Posted by: Omar C. Garcia | September 20, 2009

Empty Streets

   As we made our final approach to Phnom Penh, I looked out the window at the lush green patchwork below. The tall palm trees looked like thumb tacks — randomly placed to keep the wind from blowing away the variegated green carpet. Cambodia really is a beautiful country and I am happy to be back for my second visit. We descended quickly, bounced hard onto the tarmac, and rolled our way to the terminal. Once inside, I secured my visa and then made my way to the luggage carousel. I’m always happy to reunite with my luggage.

   Once outside the terminal we met Steve Hyde, the Director of Asia for Jesus and our host. Steve is a big man with a big heart for Cambodia. He grew up the son of missionaries in the Philippines and received his education in Texas. He first came to Cambodia as a Journeyman with the International Mission Board in 1994. That’s when he learned the Khmer language – not an easy task when you consider the alphabet has forty-eight vowels and thirty-five consonants. Each of the consonants has two different sounds. And, then there are the irregular vowels and consonants and a cryptic few of each that apply only to some select words. It’s all very confusing and challenging. But, Steve learned the language quickly and speaks it fluently.

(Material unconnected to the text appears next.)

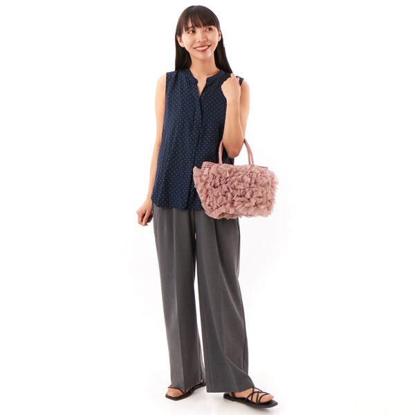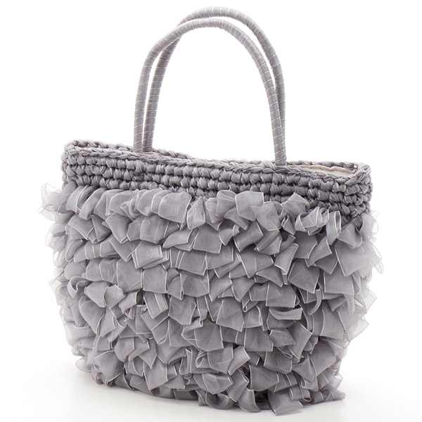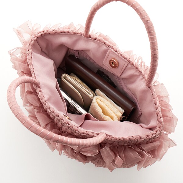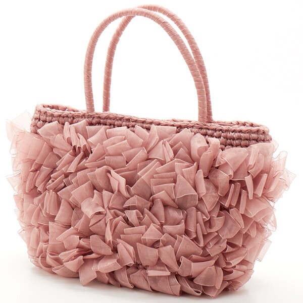 【COOCO クーコ】オーガンジーテープフリル トートバッグかごバッグ カゴバッグ

   What I found a bit strange as we made our way from the airport to our hotel was the relatively few vehicles and people on the streets. I was here just a month ago and remember the chaotic choreography of cars, motorcycles, and pedestrians. But today, the streets seemed empty by comparison. And, very few shops were open for business. I wondered if this is what Phnom Penh must have looked like after the Khmer Rouge invaded and evacuated the city in the mid-70’s.

   Steve cleared up the mystery of the empty streets. Today is a Buddhist holiday, locally called Bon Bpchun Ben. This is a day when people pray for their dead ancestors whose spirits may not be at peace. The people fear these restless spirits and believe that they capriciously cause accidents and all kinds of bad stuff to happen. So, it’s incumbent upon the living to pray for these spirits to be at peace. In order for this to happen, family members are required to pray at seven Buddhist temples. They also pay the monks at these temples to perform special chants on behalf of their restless ancestors.

   So today, the streets of Cambodia are empty. And, I am reminded that the hearts of so many Cambodians are also empty, filled with frustration and longing for answers to life’s most important questions. A distinctive of our Christian worldview is the understanding that we can know where we will spend eternity before we step across the threshold that separates the living from the dead. And, because of that understanding, we do not “grieve like the rest of men, who have no hope” (1 Thess. 4:13). Tomorrow, the streets of Phnom Penh will again throb with bustling humanity, many of whom will wonder if their prayers had any impact on their restless ancestors. I am thankful for guys like Steve who have planted their lives in difficult places like this in order to help the restless souls of the living find peace in Jesus.